Foundations Flashcards
What’s broadcasting?
It enables element-wise operations on arrays or tensors of different shapes efficiently and intuitively. It plays a critical role in simplifying the implementation of mathematical operations in high-dimensional data processing and deep learning frameworks.
What’s the mathematical formula of the first part of a neural network?
out = xi· wi + b
x = input
w = weight
b = bias
What´s a scalar?
During broadcasting with a scalar the scalar can be thought of as being expanded to a tensor of the
same shape as the input tensor
What are the two criteria that tells us if a tensor is broadcastable or not?
- Two tensors of higher dimensions are broadcastable if the length of the axes of the lower ranked tensor
match the length of the trailing axes in the higher ranked tensor
– Two lengths of axes match in the sense of broadcasting if either one of them is 1 or they are equal
trailing axes: trailing axes = n last dimensions, depends on the size of the tensor you’re broadcasting with
What does the “expand_as” method do?
it virtually expands the tensor c to have the same shape as m
What does the method “unsqueeze()” do?
it adds an axes of length one at the defined position
Why is it important to initialize the weights?
to prevent that In the case of an increasing standard deviation the values may overflow and in the case of too small weights the values may vanish eventually
What are the different types of initialization techniques?
- Xavier: scaling factor (1/√n), n = # of inputs
- Kaming: scaling factor (2/√n)
What disadvantages does the Xavier initialization has over the Kaming?
Xavier method doesn’t preserve the std dev
Which of the following statements is true about weight initialization? (Multiple Choice)
1. The ReLU activation function preserves the distribution of values by leaving the majority of them unchanged (the linear part) and mapping values below zero to zero, which is acceptable given the desired mean of zero.

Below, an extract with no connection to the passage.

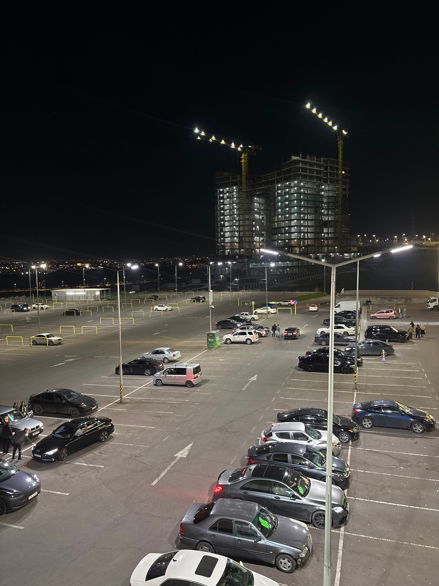 The image depicts a nighttime scene in Yerevan, Armenia. A multi-story building under construction with visible cranes is illuminated to the left. Adjacent to it is a large, well-lit parking lot with…read more

2. It is satisfactory to have the mean and variance of the distribution of output values average out to zero and one, respectively, across multiple initializations. In individual cases, these values may deviate.

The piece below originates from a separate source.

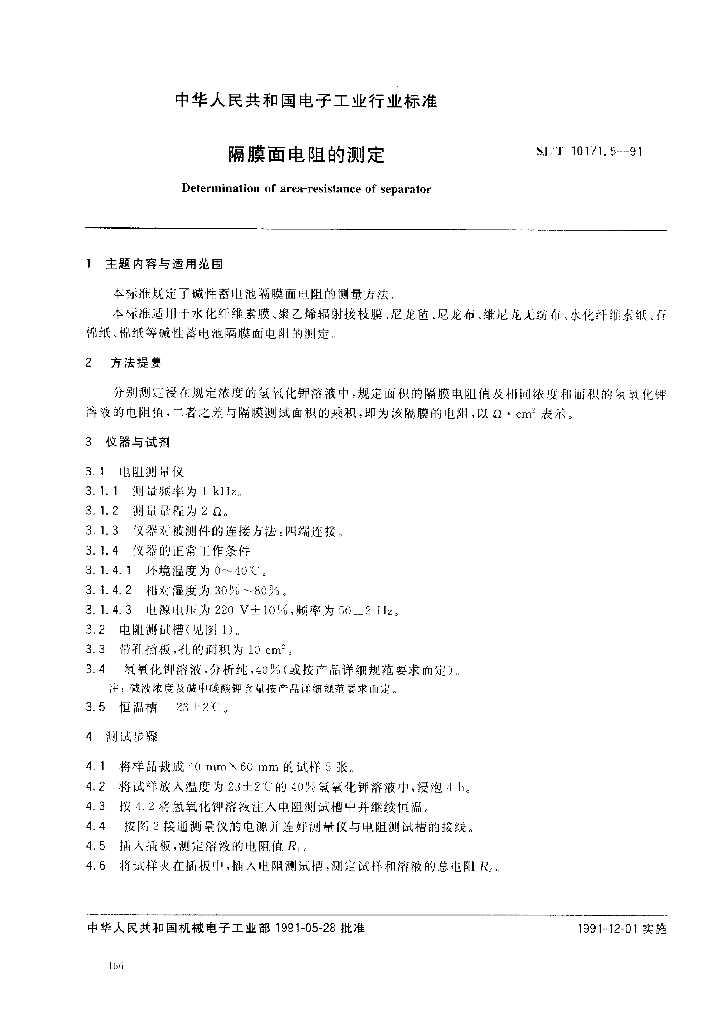 SJ/T 10171.5-1991 隔膜面电阻的测定

3. If a pre-trained model is used and no new weights are added, we do not need Xavier and Kaming initialization at all.
4. In larger networks, the initialization process is relatively less critical due to the involvement of numerous random numbers. As a result, the likelihood of individual numbers impacting the overall outcome is mitigated.
5. Even with Xavier and Kaming initialization, it can occur by chance that the weights of a neural network are initialized in such a way that the network is unable to learn anything useful.
2,3,5
Which of the following statements is true about ANNs? (Multiple Choice)
1. All standard weight operations can be expressed as matrix multiplications. This makes neural network operations so efficient when executed on GPUs.
2. A single neuron cannot be implemented in plain Python, PyTorch or a similar deep learning library is required.
3. It is not possible to express the weights of a layer in a single matrix because the biases have to be separated from the input weights.
4. If one could obtain a fast enough GPU, while using only plain Python code, one could beat PyTorch’s CPU execution time for matrix multiplication.
1
How do we know if two tensors are broadcastable?
All their dimensions (in the same positions) are compatible. If one of the two is not equal, but one of them is equal to 1, it can be broadcasted
Why is PyTorch generally faster than plain Python for deep learning tasks?
A) It has a more intuitive API
B) It uses functions implemented in C/C++
C) It has better visualization tools
D) It requires less memory
Answer: B) It uses functions implemented in C/C++
Which of the following is a common issue that can occur with improper weight initialization in a neural network?
A) Faster convergence
B) Overfitting
C) Vanishing or exploding gradients
D) Reduced model complexity
Answer: C) Vanishing or exploding gradients
If a neural network has 3 layers with weights initialized using a normal distribution with a mean of 0 and a variance of 1, what is the expected variance of the output for each layer?
Answer:
The variance of the output remains 1 if the weights are initialized properly considering the input dimensions, assuming no activation or normalization layers that affect the output variance.